## WORK INSTRUCTIONS
The output should match, line for line, the records from the line containing "Integrated Solutions (IS), wyspecjalizowany" through the line containing "This Black Sequin", with every picture left out.

## GIVEN RECORDS
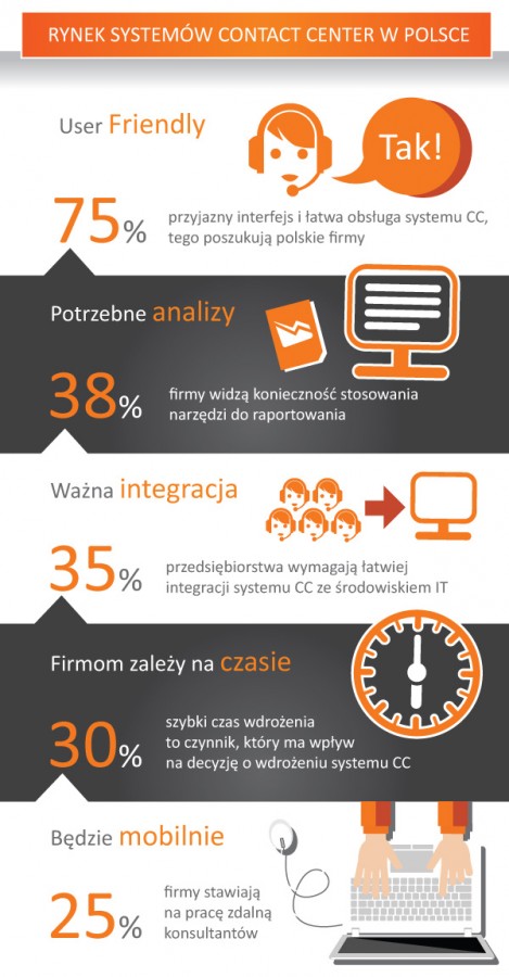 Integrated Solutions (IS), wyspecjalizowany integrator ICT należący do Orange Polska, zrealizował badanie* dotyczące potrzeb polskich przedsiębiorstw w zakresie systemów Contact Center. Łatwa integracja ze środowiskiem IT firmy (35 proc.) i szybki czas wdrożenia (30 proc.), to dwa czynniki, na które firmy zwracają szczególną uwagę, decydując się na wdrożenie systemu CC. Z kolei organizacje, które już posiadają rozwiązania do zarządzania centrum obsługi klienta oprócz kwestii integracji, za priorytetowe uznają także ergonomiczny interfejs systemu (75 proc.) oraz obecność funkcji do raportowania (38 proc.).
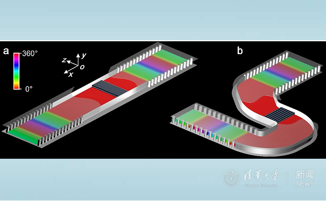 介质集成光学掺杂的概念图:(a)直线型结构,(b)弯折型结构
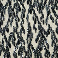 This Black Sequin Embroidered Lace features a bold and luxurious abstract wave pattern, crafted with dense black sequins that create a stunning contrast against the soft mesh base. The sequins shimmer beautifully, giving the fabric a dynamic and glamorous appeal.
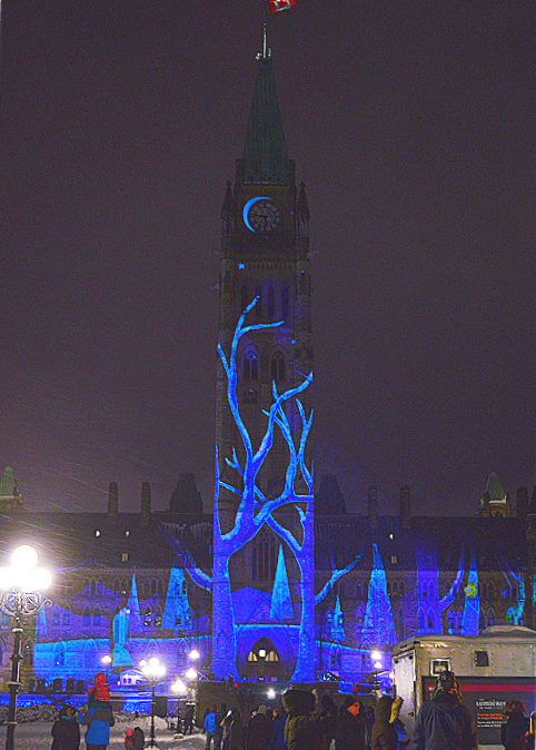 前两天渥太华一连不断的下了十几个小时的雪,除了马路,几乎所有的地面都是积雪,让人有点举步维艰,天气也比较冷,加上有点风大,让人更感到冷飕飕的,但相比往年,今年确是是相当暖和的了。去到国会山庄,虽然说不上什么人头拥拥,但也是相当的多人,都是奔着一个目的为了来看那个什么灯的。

==

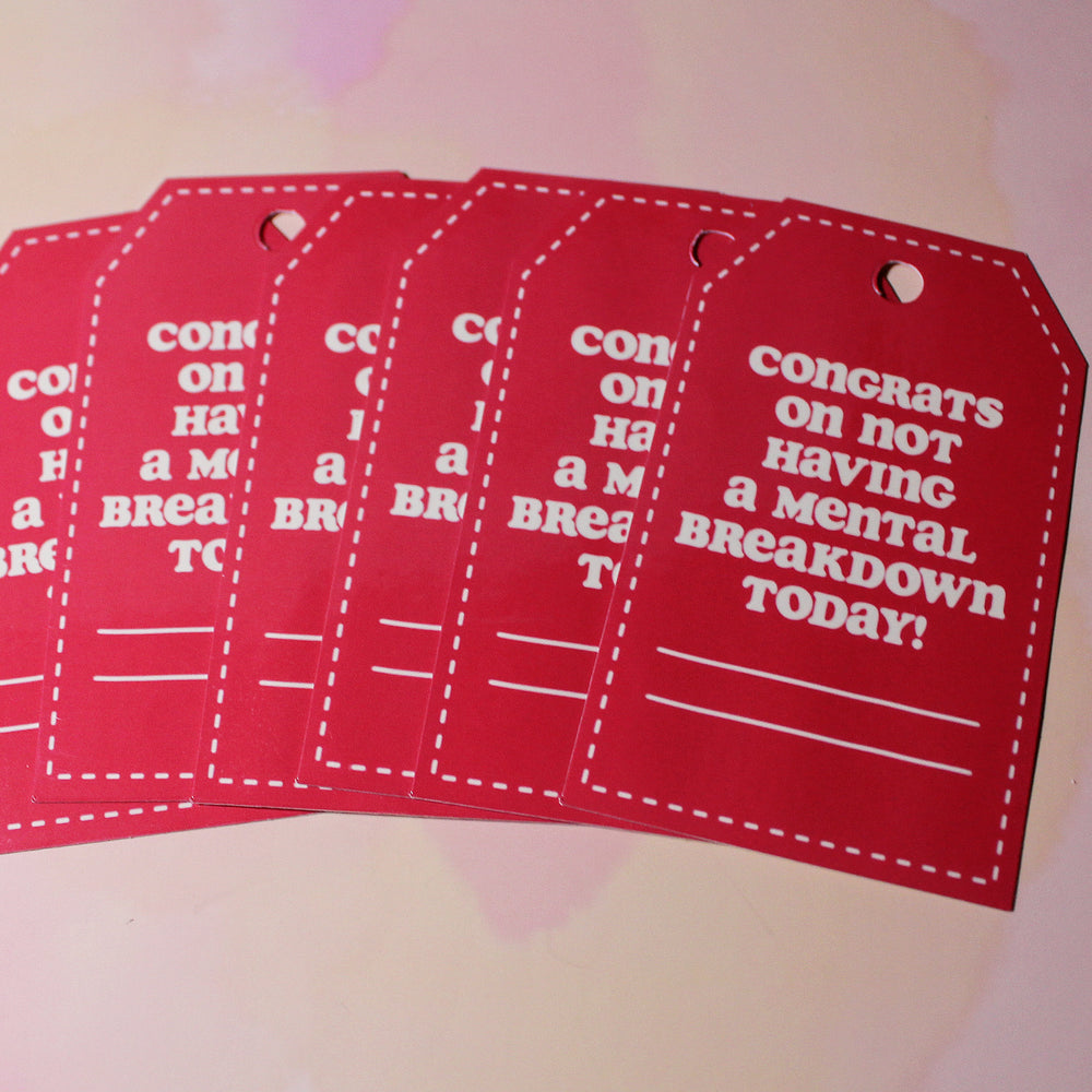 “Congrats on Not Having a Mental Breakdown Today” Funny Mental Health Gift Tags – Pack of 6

## RESPONSE
 Integrated Solutions (IS), wyspecjalizowany integrator ICT należący do Orange Polska, zrealizował badanie* dotyczące potrzeb polskich przedsiębiorstw w zakresie systemów Contact Center. Łatwa integracja ze środowiskiem IT firmy (35 proc.) i szybki czas wdrożenia (30 proc.), to dwa czynniki, na które firmy zwracają szczególną uwagę, decydując się na wdrożenie systemu CC. Z kolei organizacje, które już posiadają rozwiązania do zarządzania centrum obsługi klienta oprócz kwestii integracji, za priorytetowe uznają także ergonomiczny interfejs systemu (75 proc.) oraz obecność funkcji do raportowania (38 proc.).
 介质集成光学掺杂的概念图:(a)直线型结构,(b)弯折型结构
 This Black Sequin Embroidered Lace features a bold and luxurious abstract wave pattern, crafted with dense black sequins that create a stunning contrast against the soft mesh base. The sequins shimmer beautifully, giving the fabric a dynamic and glamorous appeal.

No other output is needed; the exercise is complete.